The Industrial sector has posted the highest quarterly increase in net earnings till date amongst the sub-sectors – gaining 18.7 per cent q-o-q to around RO14.8mn owing to the strong quarterly performance of Oman Cables Co., Oman Refreshment, A’Saffa Foods and Oman Cement.

Also, in line with our view, the Financial sector posted healthy results and registered a 8.8 per cent q-o-q rise in net earnings till date (on a like-to-like basis) to around RO72mn for the quarter mainly on the back of better performances by insurance, leasing and holding companies.

Although Omantel’s results were positive and mitigated the negative impact of lower profits affected by Nawras, the Services sector net earnings, till date, declined 8.2 per cent q-o-q to around RO54mn for the same quarter affected by the moderate performance of oil marketing companies, Sohar Power, Port Services and Oman Holding International.
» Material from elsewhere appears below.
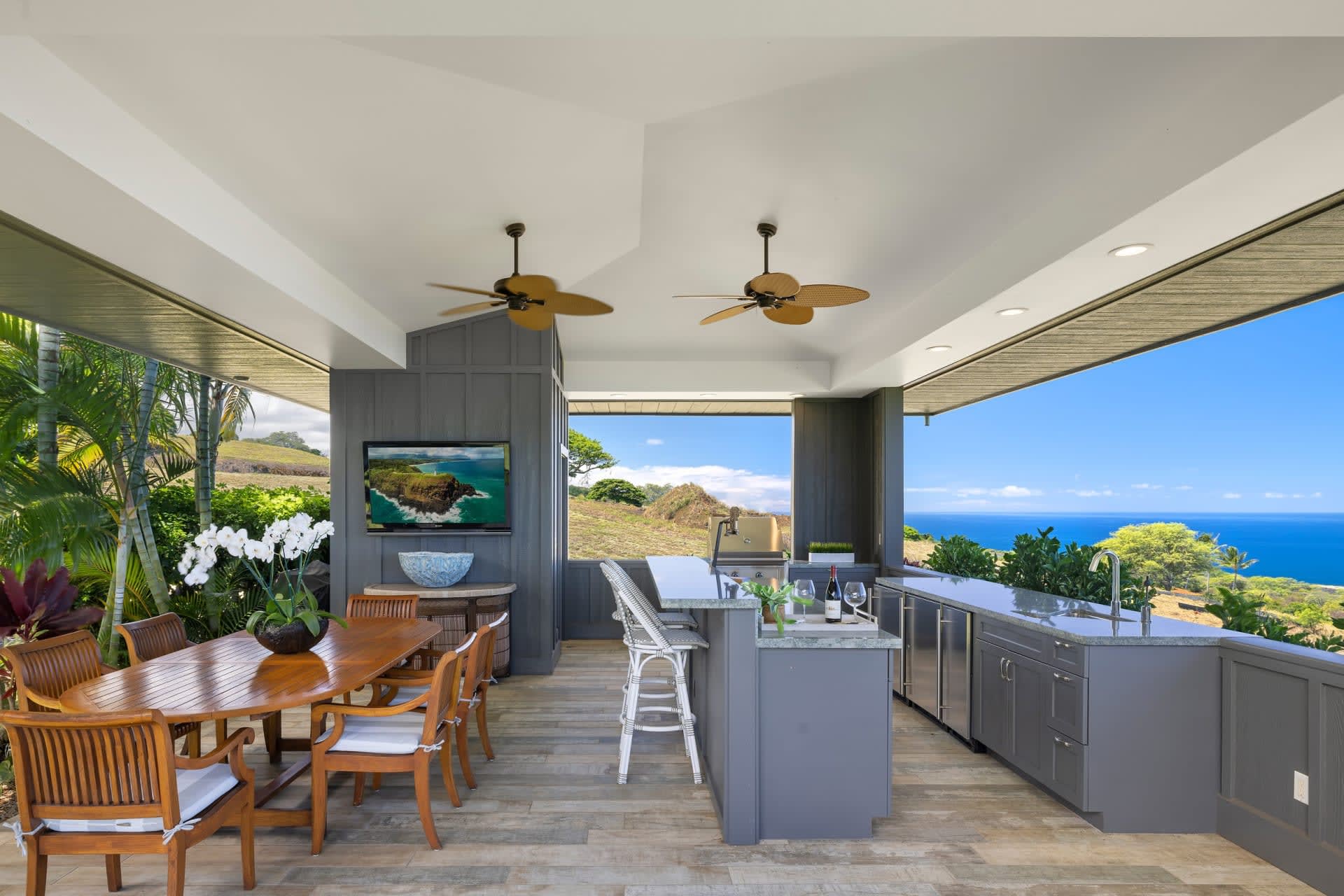 Indulge in the art of outdoor living with a detached pool house that features an outdoor cooking area, perfect for hosting gatherings and enjoying the island’s exquisite culinary offerings. Pocket sliding doors seamlessly transition between indoor and outdoor living, revealing a panoramic view. Effortlessly disappearing, the discrete pocket doors expand the living area into an expansive covered lanai.

In a related issue, 23 companies have so far announced their dividends, including 15 companies with the announcement of cash dividends only. While two companies declared stock dividend and six companies announced both cash and stock dividends.

As per our database, the total announced cash dividend distribution for 2011 till date stood at RO119.3mn compared with RO107.4mn for the same companies for 2010, an annual increase of 11.1 per cent.

On another front, our database shows that since the beginning of 2012, total allotted CBO certificates of deposit was around RO1.48bn, compared to RO1.73bn in the same period of the year 2010, a decline of 14.16 per cent year-on-year.

Recommendation

As we know, banks have initiated procedures to increase their paid-up capital, either for the purpose of establishing Islamic windows or to support financing sources to improve their financial indicators.

We advice investors to take into consideration the prospective companies’ capital increase, especially the leading ones, and build their portfolios accordingly, and to monitor and carefully study board of directors and management reports for strategies and future plans.